戦士が死んで以降代わりを募集しているがなかなか入らず、討伐クエストを受注したものの既に先方が目標を討伐しており無駄足になることが4回もあった。
前はそんな事無かったはずなのに不運と呼ぶにはあまりにも巨大すぎる案件が降り注いでいた。収入は減る一方で貯金を崩してなんとか生きていた。
「流れが悪い」のか。と思って懐の余裕はあまりないのだが3日の休暇を取ることにした。
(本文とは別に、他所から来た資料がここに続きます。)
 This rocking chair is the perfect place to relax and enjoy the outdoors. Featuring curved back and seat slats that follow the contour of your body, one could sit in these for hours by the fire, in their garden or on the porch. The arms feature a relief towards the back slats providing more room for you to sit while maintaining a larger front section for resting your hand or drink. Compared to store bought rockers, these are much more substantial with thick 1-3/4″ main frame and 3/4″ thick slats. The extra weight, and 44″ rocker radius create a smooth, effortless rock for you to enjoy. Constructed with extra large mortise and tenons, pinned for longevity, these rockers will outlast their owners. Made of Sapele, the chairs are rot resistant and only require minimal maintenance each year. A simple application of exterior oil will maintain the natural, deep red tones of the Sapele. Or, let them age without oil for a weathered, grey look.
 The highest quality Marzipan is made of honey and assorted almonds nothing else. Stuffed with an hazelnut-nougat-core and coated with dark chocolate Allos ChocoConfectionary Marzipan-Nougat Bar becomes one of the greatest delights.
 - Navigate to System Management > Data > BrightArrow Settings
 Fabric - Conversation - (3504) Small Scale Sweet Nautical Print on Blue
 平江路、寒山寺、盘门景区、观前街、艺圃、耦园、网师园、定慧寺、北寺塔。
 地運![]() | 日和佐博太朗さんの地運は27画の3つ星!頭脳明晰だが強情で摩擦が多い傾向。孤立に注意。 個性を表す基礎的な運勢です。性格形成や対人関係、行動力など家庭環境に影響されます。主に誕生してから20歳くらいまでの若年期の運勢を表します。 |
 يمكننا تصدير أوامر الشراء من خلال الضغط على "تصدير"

たまにあるツキの悪い時をやり過ごすため、運気を良くするためのある意味リセット行為なのだが「超凶運」スキルはそんなのお構いなしに牙をむく。
都市部にありがちな、土地にかかる税金を安くするために縦に長い家が立ち並ぶ街道を歩いていると……。
「危ない!」
上から叫びにも似た声が不意に女僧侶の耳に飛び込んでくる。が、気づいた時にはすでに遅かった。
ゴーーーン!!
陶器製の植木鉢が女僧侶ブリトニーの脳天を直撃したのだ。彼女はそのまま気を失い、倒れた。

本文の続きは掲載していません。